説明

抗菌剤および抗菌性樹脂組成物

【課題】加工時に変色せず、加工性や保存安定性において優れ、高い抗菌性を示す新規な抗菌剤、および持続性のある抗菌効果を有するとともに、取り扱いが容易で安全性が高く、使用時などに容易に変色しない抗菌性樹脂組成物の提供。
【解決手段】芳香環を有するホスホン酸化合物、好ましくはフェニルホスホン酸と、抗菌性の金属イオン、好ましくは銀イオン、銅イオン、亜鉛イオンとから形成されるホスホン酸金属塩からなることを特徴とする抗菌剤、および該抗菌剤と、樹脂とを含有することを特徴とする抗菌性樹脂組成物。

【発明の詳細な説明】
【技術分野】
【0001】
本発明は、抗菌剤及び抗菌性樹脂組成物に関する。
【背景技術】
【0002】
近年、衛生思考の向上に伴って食品、医薬品などの工場をはじめ、病院などの医療現場や一般家庭などにおいて、抗菌加工が施された樹脂製品が種々利用されている。樹脂成形物に使用される抗菌剤の多くは、無機系抗菌剤であり安全性や加工性に優れている。具体的には、抗菌性金属である銀、銅、亜鉛などを、ゼオライトなどの無機微粒子に担持させたものが製品化されている。しかし、最も抗菌性の高い銀を用いた無機系抗菌剤の場合、加工時や使用時に加工製品の変色を起こす問題点を抱えている。そのため、このような問題に対して、使用する担体や担持方法の工夫、他の添加剤との組み合わせなどにより変色を抑制させることが行なわれている(例えば、特許文献1〜3参照。)。
【特許文献1】特開平6−240125号公報
【特許文献2】特開平11−293122号公報
【特許文献3】特開平11−323117号公報
【発明の開示】
【発明が解決しようとする課題】
【0003】
しかし、上記方法により、銀含有無機系抗菌剤の加工時における変色の問題は改善されるものの、無機系抗菌剤の場合、そのままでは粒子表面の親水性が高いため樹脂との相溶性が悪く分散不良の問題が起きたり、粒子表面の活性により加工時に樹脂が分解したりする問題が生じやすい。

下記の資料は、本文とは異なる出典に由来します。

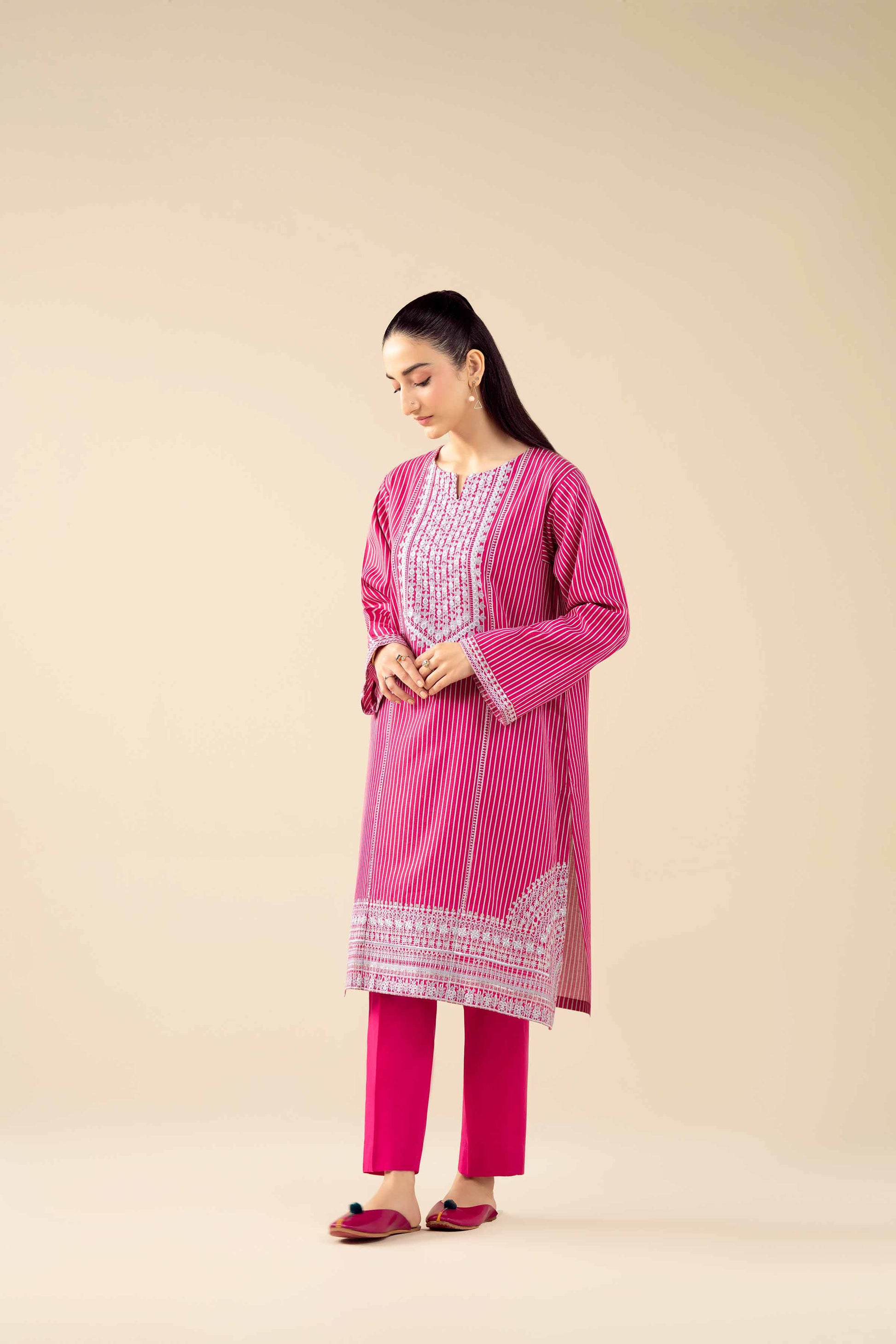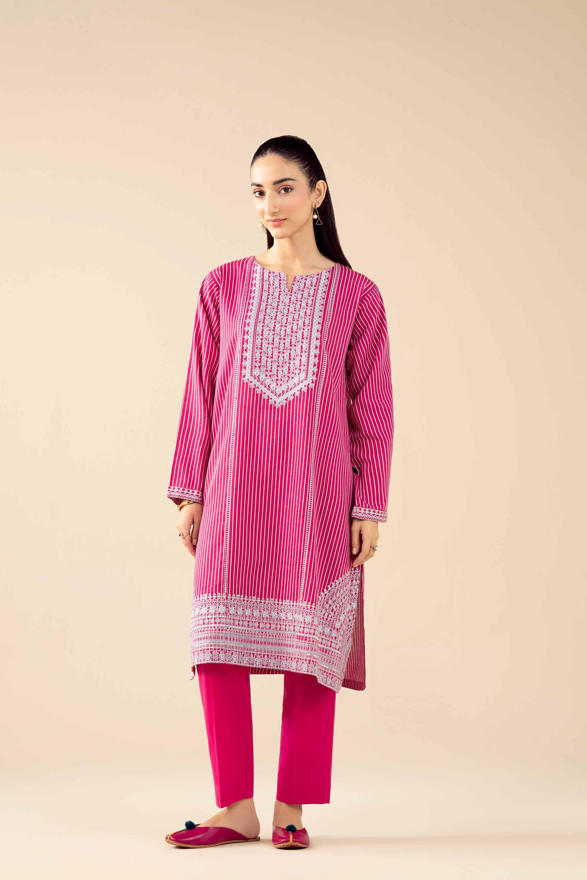Make a statement this season with this printed embroidered two-piece suit from the latest Pret Winter Collection, perfect for elegant occasions.

そこで、本発明は、加工時に変色せず、加工性や保存安定性において優れ、高い抗菌性を示す抗菌剤、およびそれを用いた抗菌性樹脂組成物を提供することを目的とする。
【課題を解決するための手段】
【0004】
本発明の抗菌剤は、芳香環を有するホスホン酸化合物と、抗菌性の金属イオンとから形成されるホスホン酸金属塩からなることを特徴とする。抗菌剤を構成するホスホン酸化合物は、フェニルホスホン酸であることが好ましい。

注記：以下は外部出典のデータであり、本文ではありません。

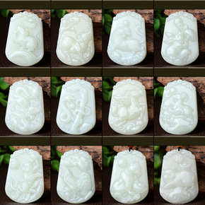 手工雕刻新疆玉石和田玉鼠牛虎兔龙蛇马羊猴鸡狗猪十二...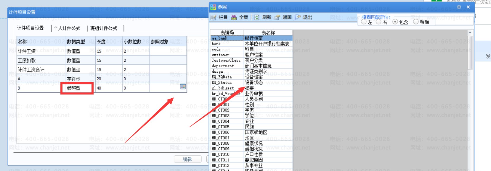 3、如果“计件项目”是来源于系统档案,可把【数据类型】维护为“参照型”

また、本発明の抗菌性樹脂組成物は、本発明の抗菌剤と、樹脂とを含有することを特徴とする。
【発明の効果】
【0005】
本発明の抗菌剤は、大腸菌、黄色ブドウ球菌、緑膿菌などの様々な菌に対して優れた抗菌活性を発揮するとともに、光や熱に対して変色しにくく、樹脂への加工性や保存安定性に優れ、耐熱性が高いため様々な熱可塑性樹脂への混練が可能である。
また、本発明の抗菌剤を用いた抗菌性樹脂組成物は、持続性のある抗菌効果を有するとともに、取り扱いが容易で安全性が高く、使用時などに容易に変色しない点で優れている。
【発明を実施するための最良の形態】
【0006】
まず、本発明の抗菌剤について説明する。
本発明の抗菌剤は、芳香環を有するホスホン酸化合物と、抗菌性の金属イオンとから形成されるホスホン酸金属塩からなり、二種類以上のホスホン酸金属塩を含んでもよい。

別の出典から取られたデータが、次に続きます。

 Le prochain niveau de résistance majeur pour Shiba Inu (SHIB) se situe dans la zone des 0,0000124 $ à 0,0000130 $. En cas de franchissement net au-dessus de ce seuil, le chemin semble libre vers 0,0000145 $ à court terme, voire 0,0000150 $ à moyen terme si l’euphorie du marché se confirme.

芳香環を有するホスホン酸化合物として具体的には、フェニルホスホン酸、2−メトキシフェニルホスホン酸、4−メトキシフェニルホスホン酸、4−エチルフェニルホスホン酸、2−イソプロピルフェニルホスホン酸、3−ニトロフェニルホスホン酸、4−ニトロフェニルホスホン酸、2−メチル−4−ニトロフェニルホスホン酸、3−メチル−5−ニトロフェニルホスホン酸、2−クロロ−5−メチルフェニルホスホン酸、4−クロロフェニルホスホン酸、3−ブロモフェニルホスホン酸、4−ブロモフェニルホスホン酸、2−ヨードフェニルホスホン酸、2−フルオロフェニルホスホン酸等が挙げられる。特に、フェニルホスホン酸は、安価で入手が容易であり、得られるフェニルホスホン酸金属塩は非常に高い耐熱性を有するため、各種幅広い用途に好適な材料である。
【0007】
抗菌性の金属イオンとして具体的には、銀、銅、亜鉛、マグネシウム、カルシウム、アルミニウム、鉛、鉄、アンチモン、ビスマス等のイオンが挙げられる。なかでも、銀イオン、銅イオン、および亜鉛イオンは、抗菌性が高いため好ましい。また、銅イオンは、得られるホスホン酸の銅塩が、抗菌剤としてだけでなく防黴剤としての優位性もあるため、各種幅広い用途に好適な材料である。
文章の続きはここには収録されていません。